A importância da leitura e da escrita se revela a partir dos usos e dos valores que a
mesma adquirira na sociedade. A interpretação de texto é um importante
instrumento para a libertação do indivíduo e a leitura deve trabalhar concepções de
mundo e de problemáticas atuais, cujo conhecimento e reflexão podem contribuir
para construção de uma escola voltada para a cidadania.

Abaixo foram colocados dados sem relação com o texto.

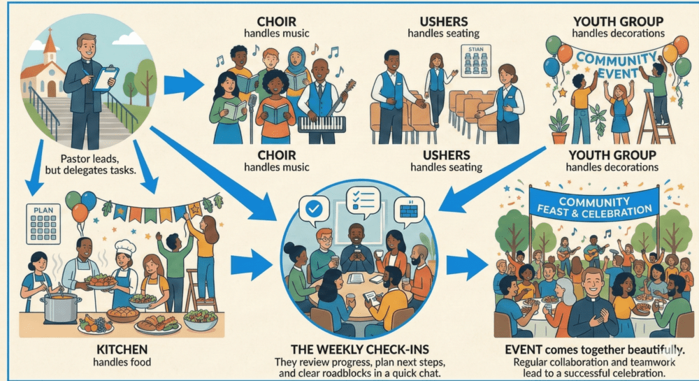 Think of a church preparing for a big community event. The pastor can’t do everything. So the choir handles music. The ushers handle seating. The kitchen team handles food. The youth group handles decorations. Every Sunday before the event, they gather for a quick chat. They check what’s done, what’s next, and what’s blocking progress. No long speeches. No drama. Just teamwork. Each group knows its role. They work in short bursts. They review progress often. And the event comes together beautifully.
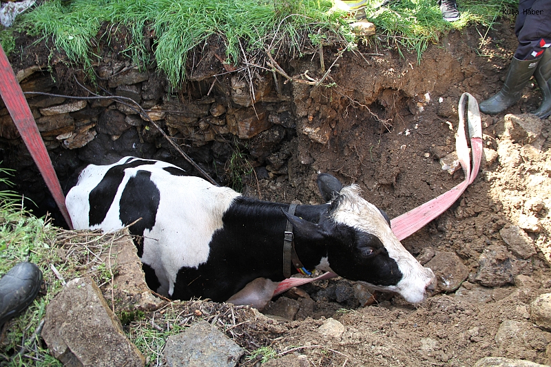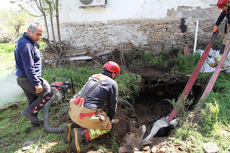 Kula’ya bağlı kırsal Narınca Mahallesi’nde çiftçilik ve hayvancılık yaparak geçimini sağlayan Bahattin Sarı’nın 7 aylık hamile ineği ikametin yakınlarında otlanırken, kuyuya düştü. Büyükbaş hayvanın kuyuya düştüğünü göre çiftçi Sarı, Manisa Büyükşehir Belediyesi Kula İtfaiye Amirliği ekiplerinden yardım istedi. Olay yerine gelen itfaiye ekipleri, ilk olarak kuyuda bulunan suyu tahliye etti. Ardından iş makinesi yardımıyla kuyunun yan kısmında bir çıkış yolu açıldı. Yapılan dikkatli çalışmaların ardından hamile inek, açılan yoldan yürüyerek kuyudan çıkarıldı. Kurtarma çalışmaları sırasında herhangi bir yaralanma yaşanmazken, ineğin sağlık durumunun iyi olduğu öğrenildi. Öte yandan, ineğin kurtarıldığı anlar çevredeki vatandaşlar tarafından ilgiyle izlenirken, zaman zaman renkli görüntüler de ortaya çıktı. İneğin sahibi Bahattin Sarı ve ailesi, büyükbaş hayvanlarını canlı olarak kurtaran itfaiye ekiplerine teşekkür etti.
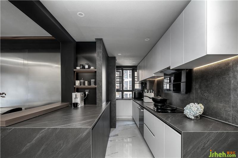 廚房地面為白色大理石,背景使用了灰色調(diào)的瓷磚,與白色櫥柜的搭配,使得風(fēng)格更簡(jiǎn)約、高級(jí)。與黑色臺(tái)面搭配十分凸顯質(zhì)感。在吧臺(tái)區(qū)依靠承重墻與煙道的關(guān)系,設(shè)計(jì)了面層架,吧臺(tái)區(qū)與廚房相接,減少了墻面的阻擋,形成更加開(kāi)放的空間感,黑色臺(tái)面的吧臺(tái)與墻面相連接, 開(kāi)放式廚房的設(shè)計(jì),貫穿東西,連接房間的同時(shí),讓空間的整體視野更加開(kāi)闊,并形成良好的室內(nèi)對(duì)流。
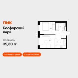 Продаётся 1-комн. квартира площадью 35,3 кв.м на 3 этаже 9 этажного дома (Корпус 9, Секция 1) проекта ПИК Босфорский парк. Светлый просторный подъезд на уровне земли, функциональная планировка, большие окна, c отделкой.
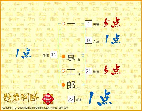 一京士郎さんの総運は22画の1点!
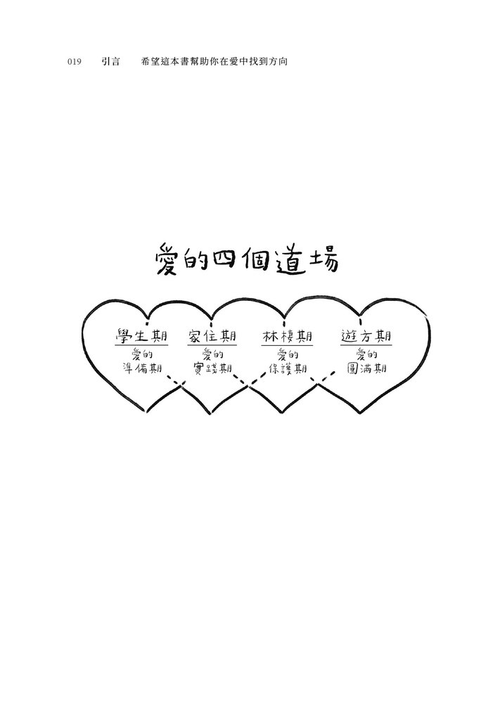本書按照這四個階段的順序展開,本質上,這四個階段也呼應了感情發展的週期—從準備愛、實踐愛、保護愛,到臻於圓滿的愛。
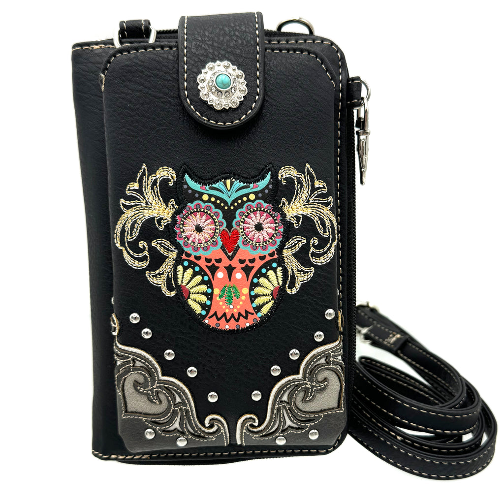 Native Colorful Owl Embroidery Crossbody Phone Wallet

O ato de ler além de possibilitar o leitor compreender a significação da obra do autor
interfere em seu grau de conhecimento e em suas experiências anteriores, além
disso, quanto mais informação tiver sobre o que vai ler, maiores são as
possibilidades de alcançar a compreensão podendo, assim, mudar a sua
interpretação de acordo com seus objetivos e necessidades.
Os professores, no dia-a-dia da sala de aula, devem desenvolver através dos
diversos meios e recursos, o hábito da leitura na criança, pois assim estará
contribuindo para a formação de um cidadão crítico e capaz de entender e
transformar o mundo no qual está inserido. Nessa perspectiva, este artigo tem por
objetivo demonstrar a importância da leitura do mundo antes da leitura das palavras
para os alunos enquanto sujeitos da aprendizagem.
Os procedimentos metodológicos são fundamentados na metodologia Chizzotti
(2001) pesquisa descritiva, que expõe as características de determinada população
ou fenômeno, ou seja, a leitura do mundo antes da leitura das palavras. E
bibliográfica na medida em que o aprofundamento e o foco da análise foram
desenvolvidos com base em livros, revistas, teses, dissertações e artigos que
fundamentem cientificamente o que se pretende estudar.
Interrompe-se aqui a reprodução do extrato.